Can we afford to overlook elephants in the room as we design and build SKA?

Rhodes University will be hosting the first series of workshops on the third-generation calibration (3GC3) in radio Astronomy in Africa at the Halyards Hotel, Port Alfred from 10-22 February 2013.

The workshop has attracted leading researchers worldwide from countries such as UK, Netherlands, Germany, US and Australia and brought them together with PhD students and young researchers from South Africa and other countries on the continent.

“The aim of the workshop is firstly to educate the younger scientists and secondly to provide a forum for leading experts to exchange ideas and techiniques,” says the Rhodes University Square Kilometre Array (SKA) Research Chair/Centre for Radio Astronomy Techniques and Technologies, Professor Oleg Smirnov.

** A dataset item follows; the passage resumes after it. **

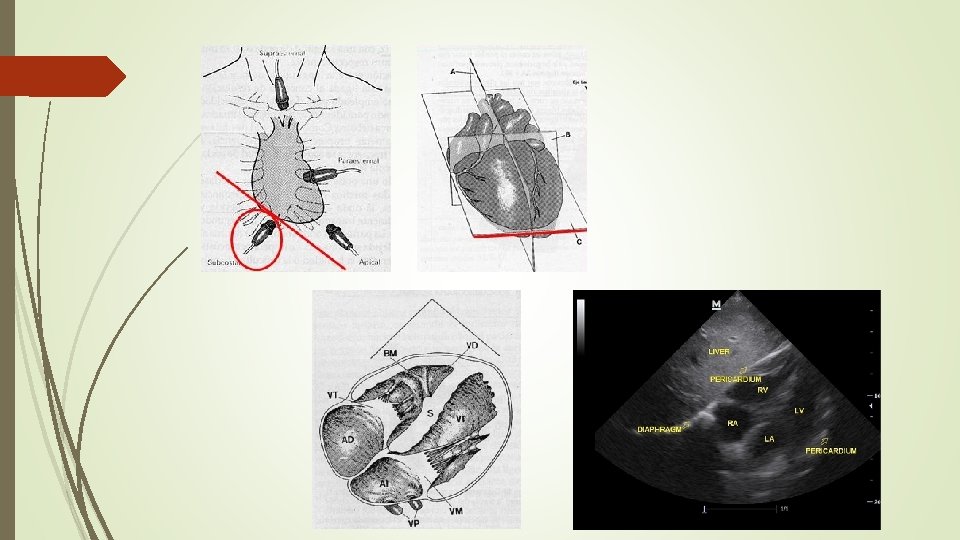 4. - SUBCOSTAL Visualizar el corazón desde el hipocondrio derecho/epigastrio utilizando el hígado como ventana acústica. Plano TRANSVERSAL, hipocondrio derecho/Epigastrio, angulación cefálica del transductor. DERECHA IZQUIERDA

He says the theme of the 3GC workshop is The Elephants In The Room. “By elephants, we refer to possible fundamental or practical limits on the scientific performance of upcoming radio telescopes,” says Prof Smirnov.

“With orders-of-magnitude increases in the sensitivities and fields-of-view of our instruments, some of these elephants may now be taking shape. Can we afford to overlook them as we design and build SKA?” he asked.

Rhodes University has recently established a Centre for Radio Astronomy Techiniques and Technologies (RATT) based on the SKA Research Chair in RATT. The University has placed itself in a position to become a leading South African research centre in this field. Prof Smirnov added that by “hosting the 3GC3 workshop is a natural extension of this initiative”.

3GC is catch phrase for calibration and imaging techniques and algorithms that are needed to deal with the problems and increased capabilities of the new crop of SKA pathfinder telescopes, and the SKA itself.

The themes of the previous two workshops were DDE calibration techniques (Nancay, France, 2009, and beamshape-related problems (Albufeira, Portugal, 2011,

The third workshop in South Africa is sponsored by Rhodes University, SKA SA and RadioNet.